Russia’s Fancy Bear launches mass credential collection campaigns
A threat group associated with the Russian military intelligence service was behind several mass attack campaigns that exploited known flaws in Outlook and WinRAR to collect Windows NTLM credential hashes from organizations in Europe and North America. The high volume of emails is unusual for cyberespionage groups, which are typically highly targeted in their victim selection.
“Proofpoint observed a significant deviation from expected volumes of emails sent in campaigns exploiting CVE-2023-23397 — a Microsoft Outlook elevation of privilege vulnerability,” researchers from security firm Proofpoint said in a report. “This included over 10,000 emails sent from the adversary, from a single email provider, to defense, aerospace, technology, government, and manufacturing entities, and, occasionally, included smaller volumes at higher education, construction, and consulting entities.”
The CVE-2023-23397 vulnerability was patched by Microsoft in March after APT28, also known as Fancy Bear, exploited it for almost a year as a zero-day exploit in attacks against organizations from the government, military and energy sectors.
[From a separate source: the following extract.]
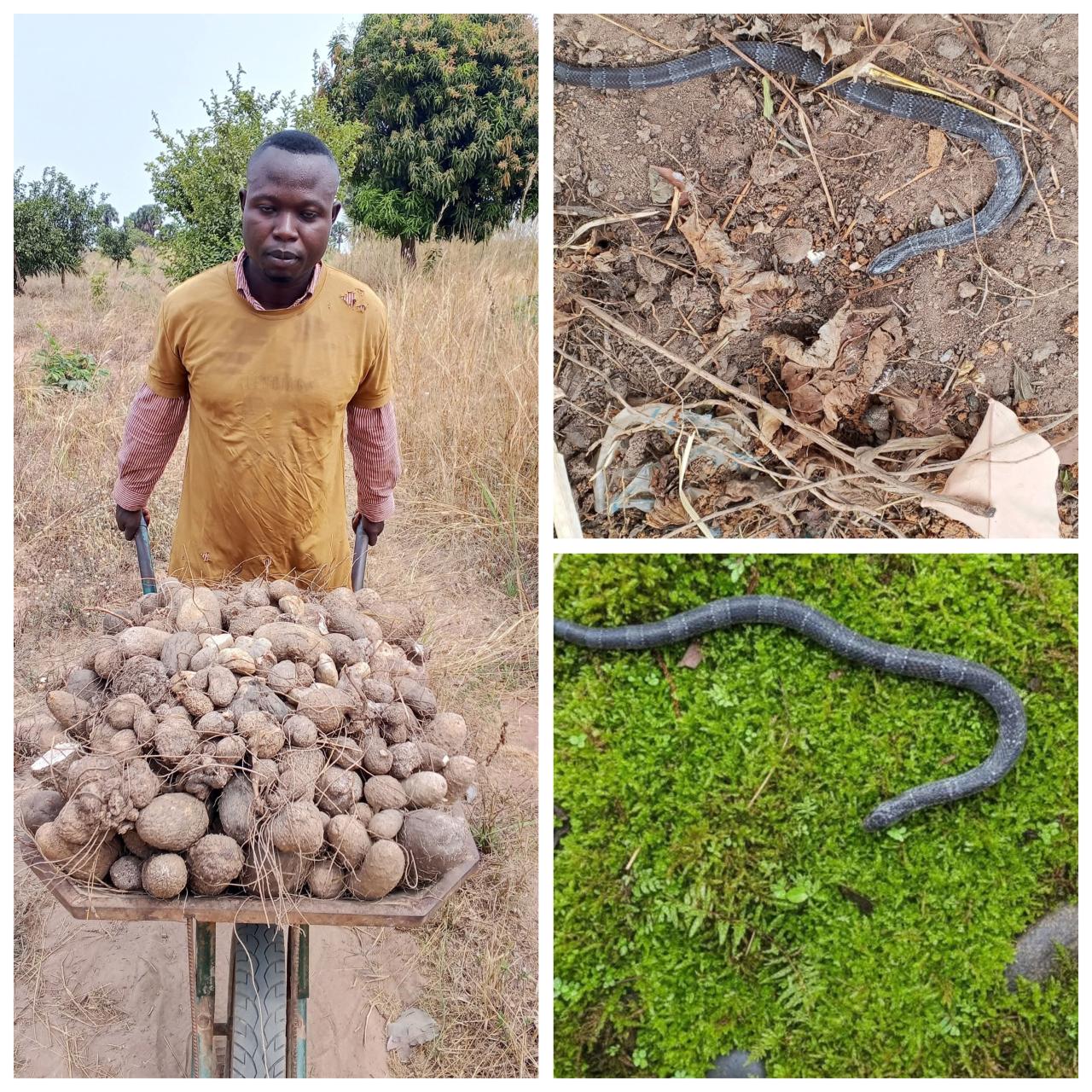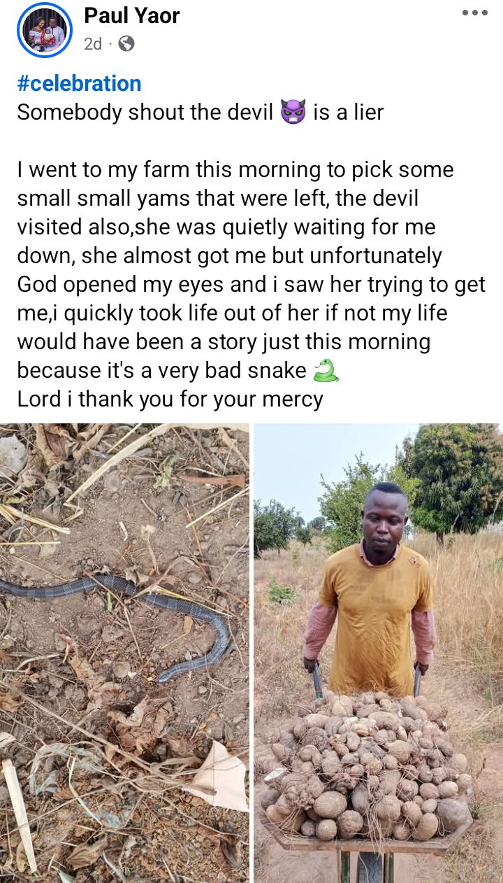 A Nigerian man, Paul Yaor, has expressed his gratitude to God after he narrowly escaped a snake bite on his farm. According to Paul, he had gone to to farm on Saturday to harvest yam and found the poisonous snake lurking and waiting to attack. #celebration. Somebody shout the devil is a liar. I went to my farm this morning to pick some small small yams that were left. The devil visited also, she was quietly waiting for me down. She almost got me but unfortunately God opened my eyes and I saw her trying to get me. I quickly took life out of her if not my life would have been a story just this morning because it’s a very bad snake. Lord I thank you for your mercy.”

The attacks managed to fly under the radar because of their highly targeted nature.
The vulnerability is described as an elevation of privilege flaw but can be exploited without user interaction to trick the Microsoft Outlook desktop client to initiate an SMB connection to a remote attacker-controlled server. Since SMB is a file-sharing protocol for Windows networks, the callbacks include an NTLM authentication attempt where the user’s hashed NTLM credentials are being sent to the attacker’s server.
The theft of NTLM hashes enables a type of attack called NTLM relay or pass-the-hash, where an attacker tricks a computer to send its hash and then passes it to another legitimate service that would accept that authentication.
According to Proofpoint, after Microsoft patched the vulnerability in March, APT28 continued to use it in attacks and even ramped up the scale of its campaigns. The malicious emails had a subject of “Test meeting” and contained a specially crafted file in the Transport Neutral Encapsulation Format (TNEF) with a fake CSV, Excel, or Word document extension.